I have no dealings with the EBS but i want to open an account and put in €150 incase they demutalise sometime soon.  Which of their accounts do I need to put my money into to be eligible for windfall in the future?

Thanks


----------



## ClubMan (26 Apr 2007)

An _Optimise _account should do it but ask which accounts are share/investment/membership accounts (their website used to carry a list but I can't find it at the moment) that qualify the holder for membership and (after a period of time) voting rights.


----------



## ClubMan (26 Apr 2007)

macnas said:


> Got this email from EBS during the week. They say there is no deduction for withdrawing money!
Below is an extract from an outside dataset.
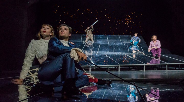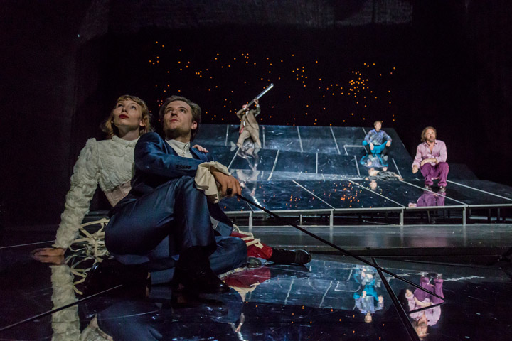 Wenn man bedenkt, wie viel Vorlaufzeit ein Theater in seine Spielplankonzeption setzt, so datiert die Idee, „Leben des Galilei“ von Bertolt Brecht auf die Bühne zu bringen, spätestens mit dem Winterende 2016, also lange vor Trumps Wahlerfolg oder der notwendigen Manifestation in der Öffentlichkeit, was Wissenschaft leistet. Wenn die Realisierung auf der Bühne zum idealen Zeitpunkt den Strom der Zeit kreuzt, dann kommentiert Theater kräftig die Gegenwart. Ja, spielt mehr Brecht! Und zwar so, wie Regisseurin Katrin Plötner „Leben des Galilei“ in einer klugen Verknappung (zwei Stunden) auf die Bühne der Kammerspiele am Landestheater Linz (Oberösterreich) zu stellen versteht: Über spiegelnde Stege, wie ein eigenes Universum, dem im Hintergrund ein Sternenhimmel leuchtet, eine Kristallwelt, in der sich die Sphären wölben, balancieren und stolzieren die Schauspieler. Wie Gedanken in einer Kopfwelt. Wenn einer dieser Gedanken entschwindet, nimmt sich die Figur, von den schrägen Flächen rutschend, aus dem Spiel (Bühnenbild: Anneliese Neudecker).
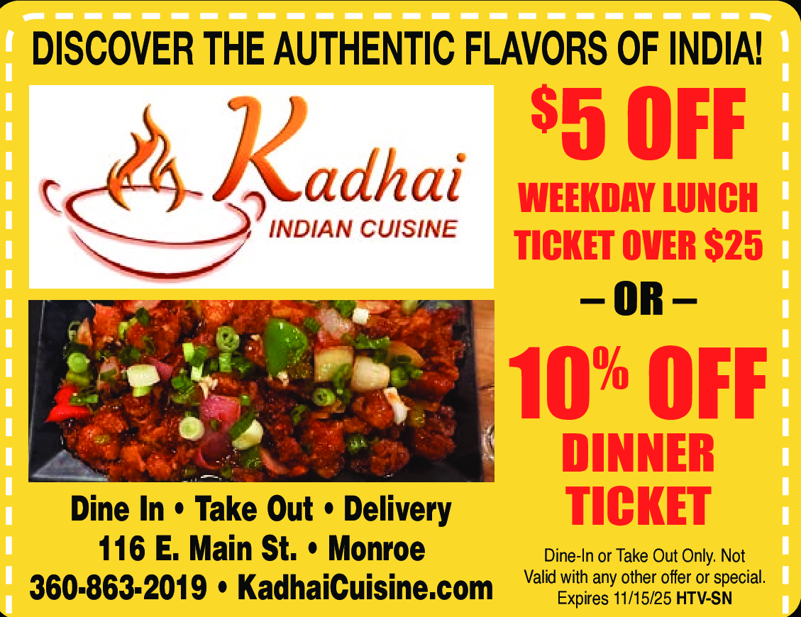 Dine-In or Take Out Only. Not valid with any other offer or special. Expires 11/15/25. HTV-SN

It's possible (I don't know because I have not checked further yet) that _EBS_ are not charging any penalty but the fund managers are and subsuming it into the unit price or something like that.


----------



## falcon7xs (12 Feb 2008)

ClubMan said:


> Sort of out of inertia I had undertaked to continue my €254 p.m. investment by _DD _into _Sumimt Funds _post _SSIA _maturity. I will be cancelling this now and switching to _QL _for further regular contributions and writing to _EBS _to inform them that this is because (a) I can get lower charges that way (b) they (_EBS_) do not facilitate switching to their new funds without encashing first, reinvesting and having to face first 5 year early encashment charges and (c) they (_EBS_) are imposing additional exit charges on long standing customers/members such as myself. I will review the situation with regard to my matured _SSIA _and other _Summit Funds _investments but will most likely be moving them at the most opportune moment (e.g. if/when this additional penalty is removed).


 
Just wondered did you get out of the Summit funds in the end and if so where did you move them to on what basis?


----------



## stir crazy (12 Feb 2008)

I cashed in all my summit funds circa June after cashing out half the january before. Its the best thing I ever did. I suspect anyone who stayed in the funds got hammered and not only due to the stock market troubles. I moved to the rest of my spare money in the Quinn Life fund, made a lot of money in China and emerging markets, then went 100% cash and bonds since September and got out with a good profit for the year. Now I will wait a few months and see what happens. I am not overly worried about making a lot of money ( am happy to preserve my wealth and stay ahead of inflation so wont let greed cloud my judgement) but if the investing climate starts improving , my view will be that the bad news has finally ended and its time to get back in.


----------